Data supplied:
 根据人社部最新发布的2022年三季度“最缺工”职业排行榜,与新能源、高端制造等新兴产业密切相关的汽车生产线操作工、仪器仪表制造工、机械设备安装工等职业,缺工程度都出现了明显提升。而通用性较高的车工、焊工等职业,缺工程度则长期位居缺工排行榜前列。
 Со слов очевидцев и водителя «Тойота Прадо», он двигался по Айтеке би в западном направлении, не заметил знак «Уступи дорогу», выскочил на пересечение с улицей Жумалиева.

--

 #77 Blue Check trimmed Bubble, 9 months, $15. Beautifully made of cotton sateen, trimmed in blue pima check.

* * *

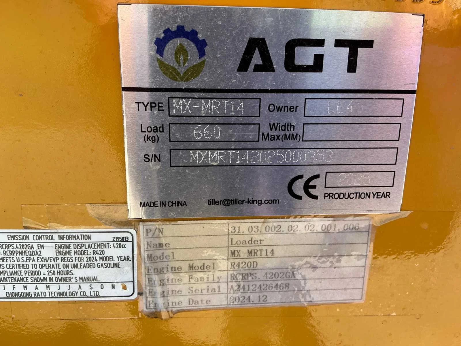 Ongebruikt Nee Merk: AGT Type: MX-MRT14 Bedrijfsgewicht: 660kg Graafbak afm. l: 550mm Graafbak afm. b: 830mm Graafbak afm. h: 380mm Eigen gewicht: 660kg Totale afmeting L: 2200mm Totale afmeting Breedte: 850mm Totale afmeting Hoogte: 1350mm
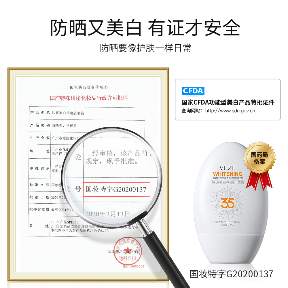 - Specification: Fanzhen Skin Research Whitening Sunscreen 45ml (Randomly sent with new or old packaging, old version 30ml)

Aim of the exercise:
Using the records above, copy word for word the line with "根据人社部最新发布的2022", the line with "Со слов очевидцев", and every line between them.

Task response:
 根据人社部最新发布的2022年三季度“最缺工”职业排行榜,与新能源、高端制造等新兴产业密切相关的汽车生产线操作工、仪器仪表制造工、机械设备安装工等职业,缺工程度都出现了明显提升。而通用性较高的车工、焊工等职业,缺工程度则长期位居缺工排行榜前列。
 Со слов очевидцев и водителя «Тойота Прадо», он двигался по Айтеке би в западном направлении, не заметил знак «Уступи дорогу», выскочил на пересечение с улицей Жумалиева.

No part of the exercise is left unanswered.